*** Task material ***

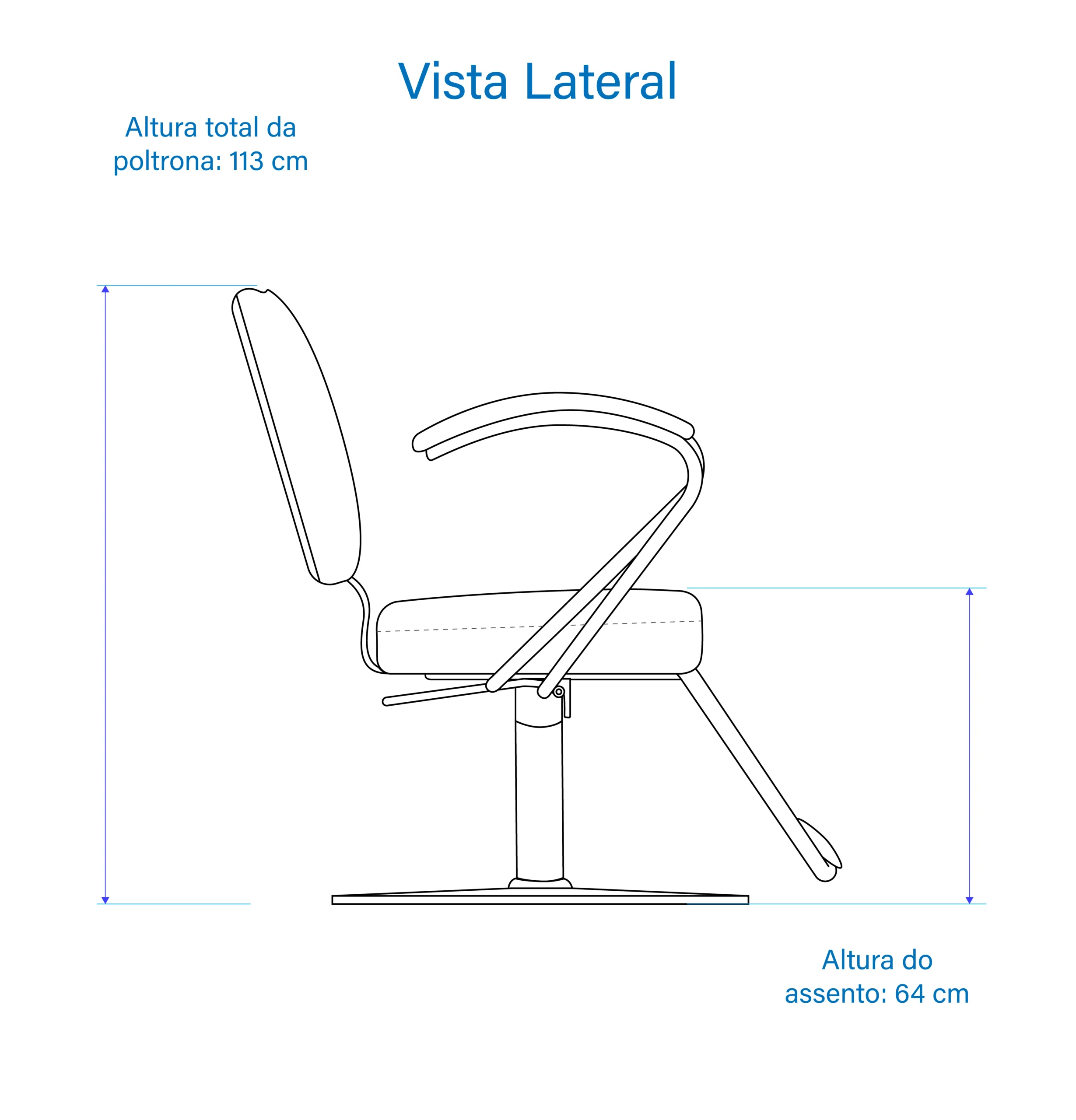 Altura: total máxima 113 cm, total mínima 99 cm, máxima do assento 64 cm, mínima do assento 50 cm;
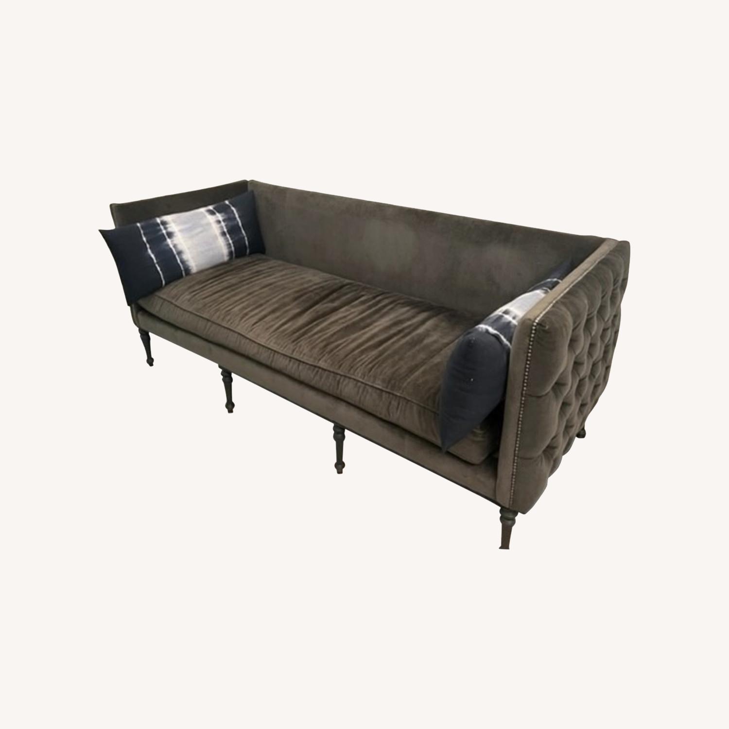 Seller's Notes:This couch is about 10 years old but has been in a formal living room, seen minimal use and is far from windows/light so it’s close to like new. It is 87” wide, 34” deep, 36” tall. No stains and the “feet” show just some slight wear and tear. The fabric pattern you see on the outside creates a very versatile piece as it looks beautiful against or away from a wall. Pillows and the bolster come with it if you want.
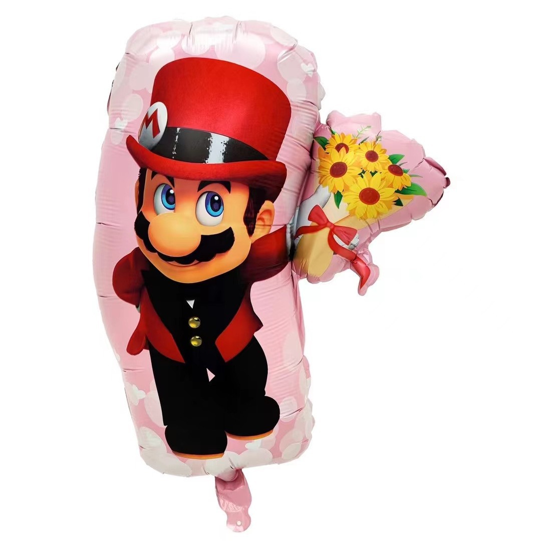 새로운 게임 만화 마리오 생일 파티 레이아웃 장식 알루미늄 필름 풍선 도매스토어 가기
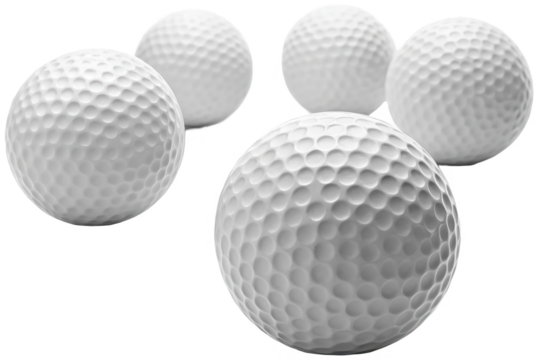 Several textured, spherical white golf balls constructed from durable Surlyn resin with a dimpled surface pattern, are dynamically arranged in a close-up, isolated on transparent background.
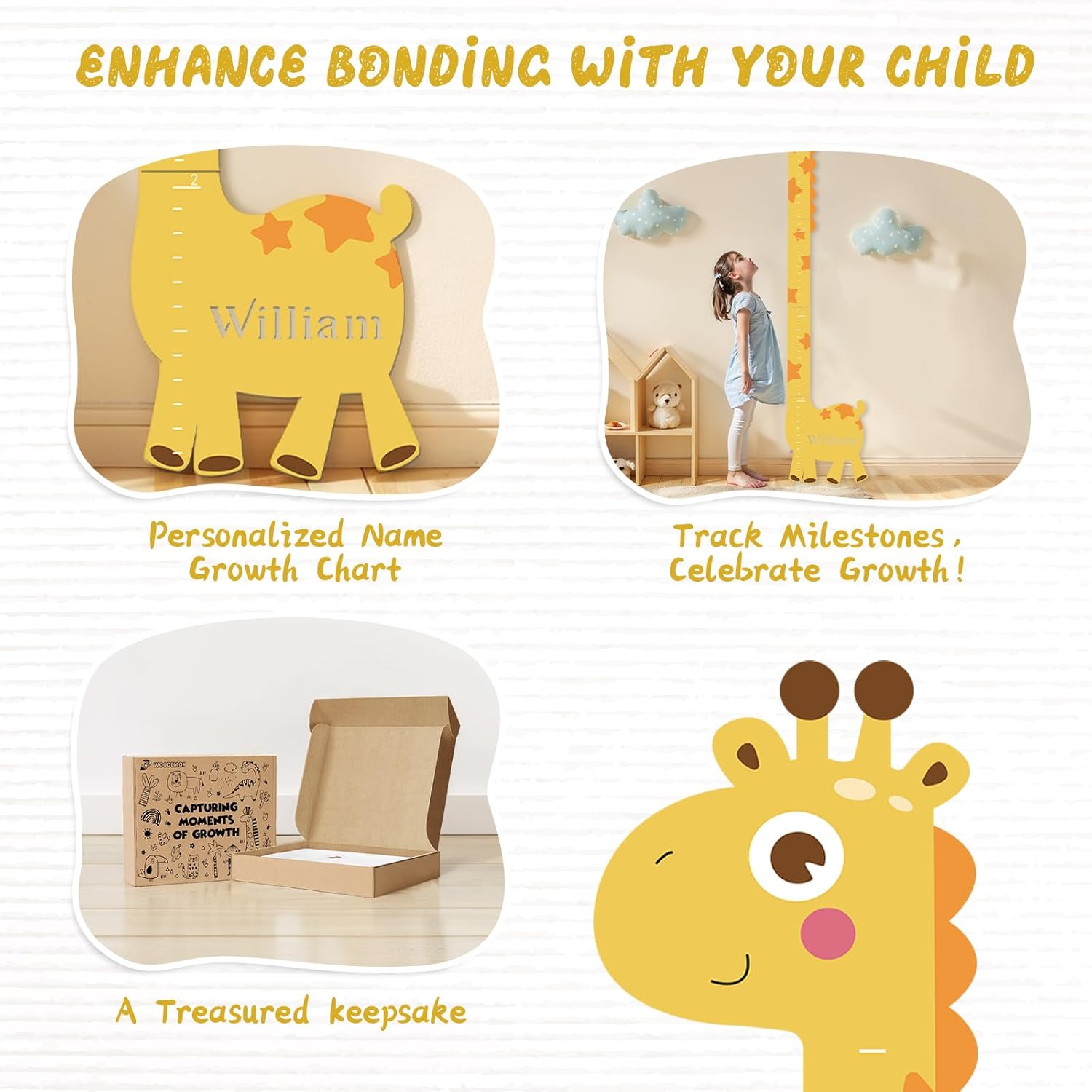 Personalized Name Growth Chart for Kids, Giraffe Height Chart for Boy Girls, Measuring Board for Kids Height, Patchwork Wooden Height Chart Measuring Board, Nursery Growth Chart Ruler
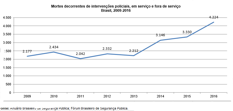 O levantamento do fórum aponta que 4.224 pessoas foram mortas em decorrência de intervenções policiais em 2016, um crescimento de 25,8% em relação a 2015 (3.330 mortes). Entre 2009 e 2016, 21.897 pessoas morreram em ações policiais. Desses, a maioria, 76%, eram negros.
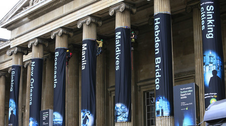 Greenpeace activists have scaled the columns of the British Museum in central London in protest against oil giant BP’s sponsorship of a new ‘Sunken Cities’ exhibition.
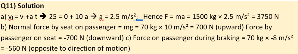 Q11) A 1500 kg car accelerates from rest to 25 m/s in 10 seconds on a horizontal road.
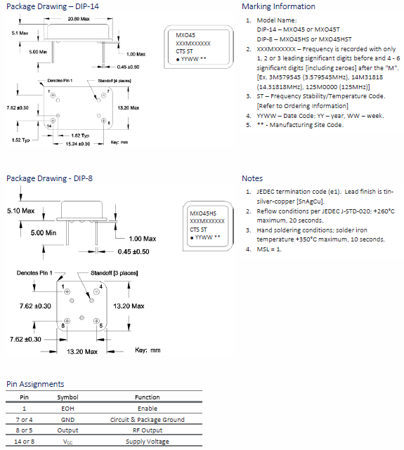 MXO45-2I-8M0000 | CTS晶振 | MXO45 | 8MHz | 5V | ±100ppm | -20°C ~ 70°C |

***

◆ What you have to do:
Line by line, restate the data above exactly as it stands, minus the pictures.

◆ Exercise response:
 Altura: total máxima 113 cm, total mínima 99 cm, máxima do assento 64 cm, mínima do assento 50 cm;
 Seller's Notes:This couch is about 10 years old but has been in a formal living room, seen minimal use and is far from windows/light so it’s close to like new. It is 87” wide, 34” deep, 36” tall. No stains and the “feet” show just some slight wear and tear. The fabric pattern you see on the outside creates a very versatile piece as it looks beautiful against or away from a wall. Pillows and the bolster come with it if you want.
 새로운 게임 만화 마리오 생일 파티 레이아웃 장식 알루미늄 필름 풍선 도매스토어 가기
 Several textured, spherical white golf balls constructed from durable Surlyn resin with a dimpled surface pattern, are dynamically arranged in a close-up, isolated on transparent background.
 Personalized Name Growth Chart for Kids, Giraffe Height Chart for Boy Girls, Measuring Board for Kids Height, Patchwork Wooden Height Chart Measuring Board, Nursery Growth Chart Ruler
 O levantamento do fórum aponta que 4.224 pessoas foram mortas em decorrência de intervenções policiais em 2016, um crescimento de 25,8% em relação a 2015 (3.330 mortes). Entre 2009 e 2016, 21.897 pessoas morreram em ações policiais. Desses, a maioria, 76%, eram negros.
 Greenpeace activists have scaled the columns of the British Museum in central London in protest against oil giant BP’s sponsorship of a new ‘Sunken Cities’ exhibition.
 Q11) A 1500 kg car accelerates from rest to 25 m/s in 10 seconds on a horizontal road.
 MXO45-2I-8M0000 | CTS晶振 | MXO45 | 8MHz | 5V | ±100ppm | -20°C ~ 70°C |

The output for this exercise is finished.